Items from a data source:
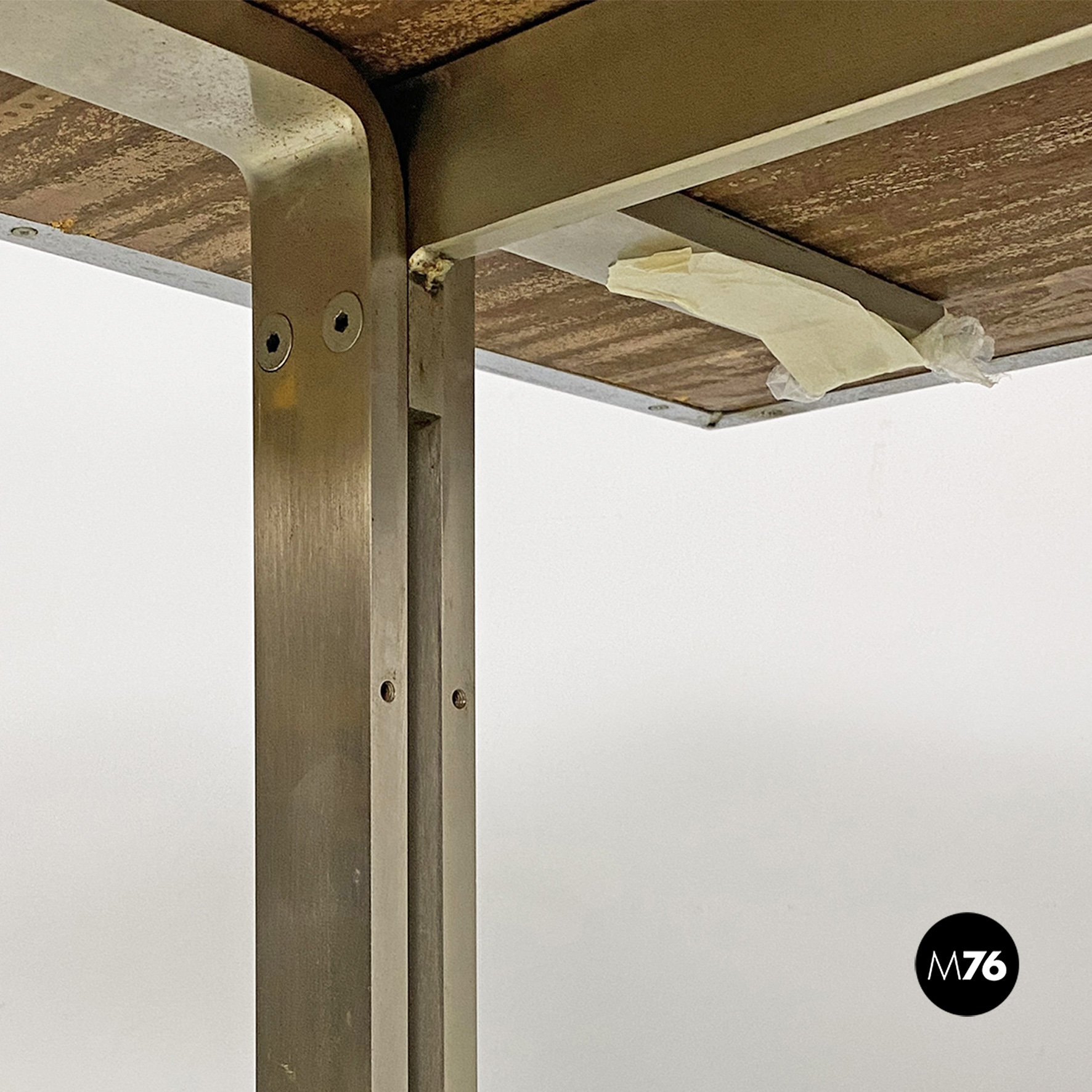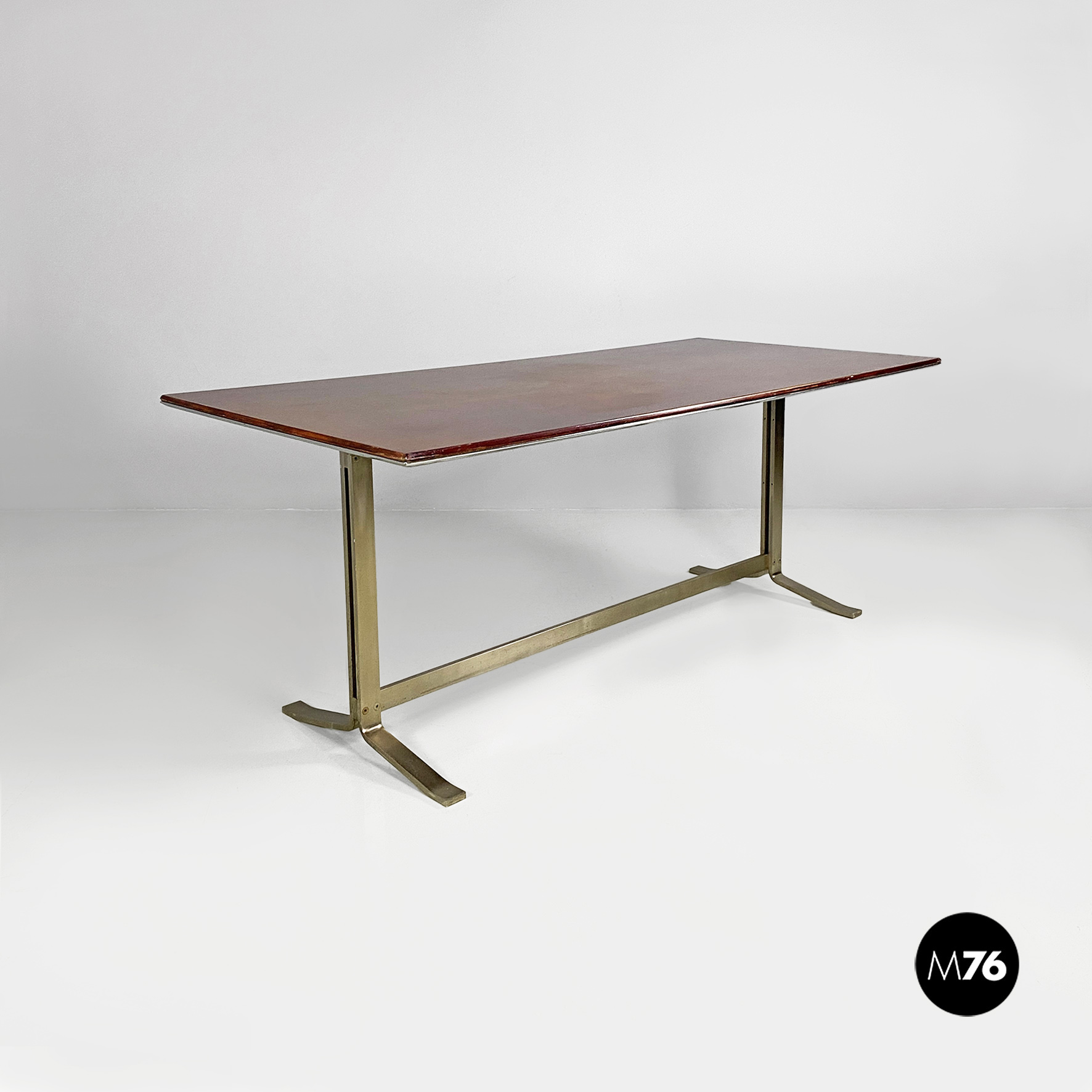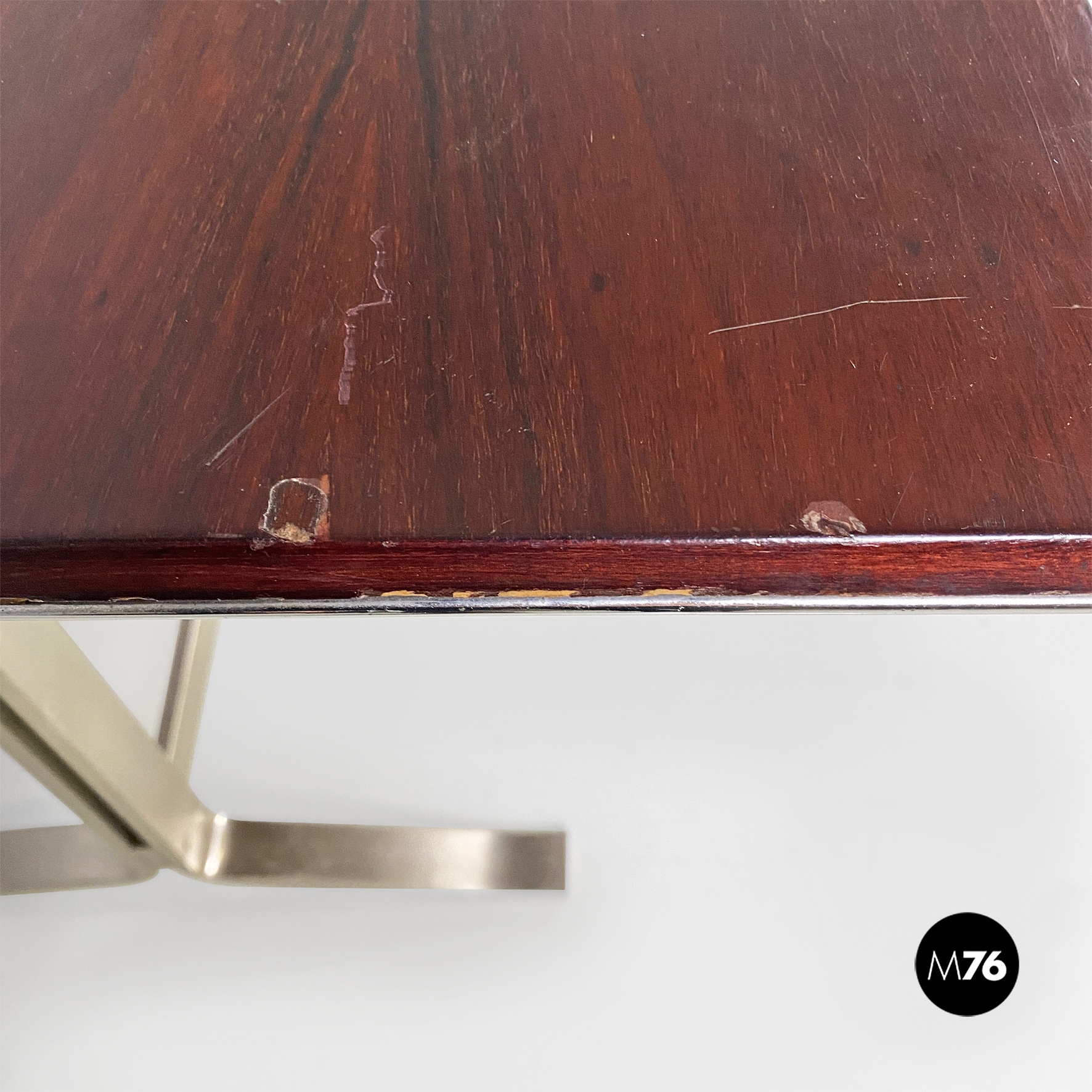 Tavolo o scrivania con piano in legno di palissandro con finitura in acciaio sul bordo e struttura in acciaio pieno con finitura satinata.
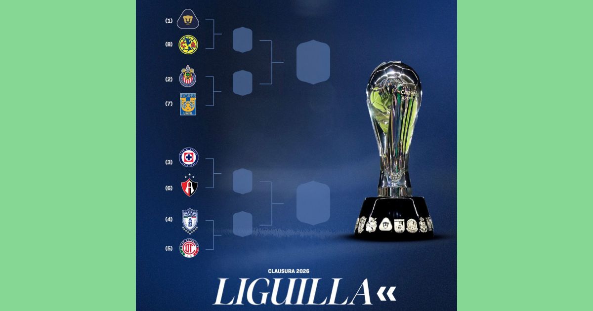 CIUDAD DE MÉXICO.- La fase regular del Clausura 2026 concluyó y el panorama para la Liguilla quedó definido con Pumas a la cabeza tras un torneo de récord institucional. El equipo universitario encabeza unos cuartos de final de alta intensidad contra América, a los que se suma Chivas vs Tigres, Cruz Azul vs. Atlas y Pachuca vs Toluca.
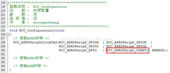 使能串口1(RCC_APB2Periph_USART1)时钟。
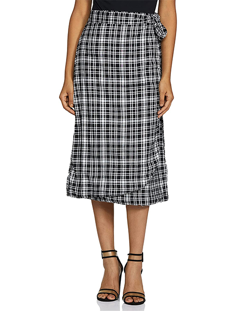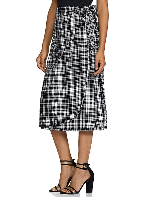Charcoal Grey and Black checked flared skirt, has an elasticated waistband with zip closure, flared hem and a front slit. This skirt looks incredibly adorable. Pair it with a top and boots when you are out on a picnic.
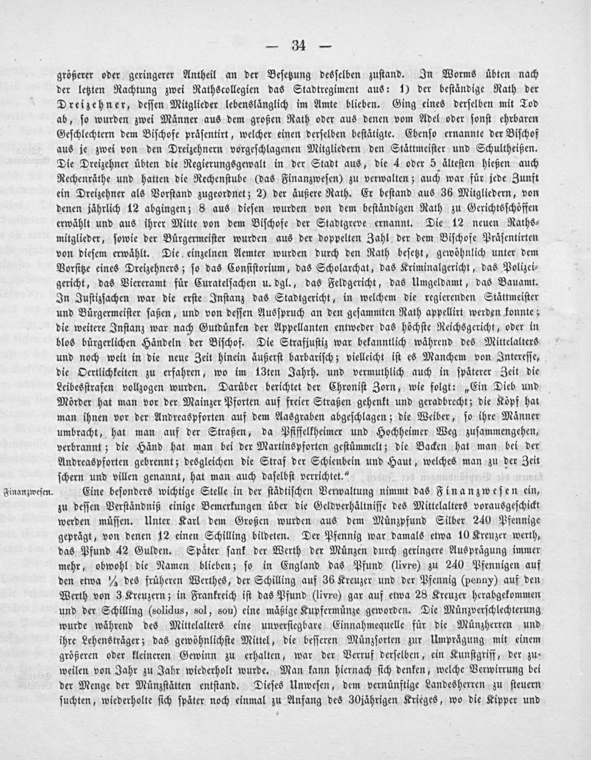 größerer oder geringerer Antheil an der Beſetzung desſelben zuſtand. In Worms übten nach der letzten Rachtung zwei Rathscollegien das Stadtregiment aus: 1) der beſtändige Rath der Dreizehner, deſſen Mitglieder lebenslänglich im Amte blieben. Ging eines derſelben mit Tod ab, ſo wurden zwei Männer aus dem großen Rath oder aus denen vom Adel oder ſonſt ehrbaren Geſchlechtern dem Biſchofe präſentirt, welcher einen derſelben beſtätigte. Ebenſo ernannte der Biſchof aus je zwei von den Dreizehnern vorgeſchlagenen Mitgliedern den Stättmeiſter und Schultheißen. Die Dreizehner übten die Regierungsgewalt in der Stadt aus, die 4 oder 5 älteſten hießen auch Rechenräthe und hatten die Rechenſtube(das Finanzweſen) zu verwalten; auch war für jede Zunft ein Dreizehner als Vorſtand zugeordnet; 2) der äußere Rath. Er beſtand aus 36 Mitgliedern, von denen jährlich 12 abgingen; 8 aus dieſen wurden von dem beſtändigen Rath zu Gerichtsſchöffen erwählt und aus ihrer Mitte von dem Biſchofe der Stadtgreve ernannt. Die 12 neuen Raths⸗ mitglieder, ſowie der Bürgermeiſter wurden aus der doppelten Zahl der dem Biſchofe Präſentirten von dieſem erwählt. Die einzelnen Aemter wurden durch den Rath beſetzt, gewöhnlich unter dem Vorſitze eines Dreizehners; ſo das Conſiſtorium, das Scholarchat, das Kriminalgericht, das Polizei⸗ gericht, das Viereramt für Curatelſachen u. dgl., das Feldgericht, das Umgeldamt, das Bauamt. In Juſtizſachen war die erſte Inſtanz das Stadtgericht, in welchem die regierenden Stättmeiſter und Bürgermeiſter ſaßen, und von deſſen Ausſpruch an den geſammten Rath appellirt werden konnte; die weitere Inſtanz war nach Gutdünken der Appellanten entweder das höchſte Reichsgericht, oder in blos bürgerlichen Händeln der Biſchof. Die Strafiuſtiz war bekanntlich während des Mittelalters und noch weit in die neue Zeit hinein äußerſt barbariſch; vielleicht iſt es Manchem von Intereſſe, die Oertlichkeiten zu erfahren, wo im 13ten Jahrh. und vermuthlich auch in ſpäterer Zeit die Leibesſtrafen vollzogen wurden. Darüber berichtet der Chroniſt Zorn, wie folgt:„Ein Dieb und Mörder hat man vor der Mainzer Pforten auf freier Straßen gehenkt und geradbrecht; die Köpf hat man ihnen vor der Andreaspforten auf dem Aasgraben abgeſchlagen; die Weiber, ſo ihre Männer umbracht, hat man auf der Straßen, da Pfiffelkheimer und Hochheimer Weg zuſammengehen, verbrannt; die Händ hat man bei der Martinspforten geſtümmelt; die Backen hat man bei der Andreaspforten gebrennt; desgleichen die Straf der Schienbein und Haut, welches man zu der Zeit ſchern und villen genannt, hat man auch daſelbſt verrichtet.“

# WORK INSTRUCTIONS
In the records above, find the line with "CIUDAD DE MÉXICO.- La". Print exactly from there through the line with "使能串口1(RCC_APB2Periph_USART1)时钟。", minus the pictures.

# SOLUTION FOR THIS EXERCISE
 CIUDAD DE MÉXICO.- La fase regular del Clausura 2026 concluyó y el panorama para la Liguilla quedó definido con Pumas a la cabeza tras un torneo de récord institucional. El equipo universitario encabeza unos cuartos de final de alta intensidad contra América, a los que se suma Chivas vs Tigres, Cruz Azul vs. Atlas y Pachuca vs Toluca.
 使能串口1(RCC_APB2Periph_USART1)时钟。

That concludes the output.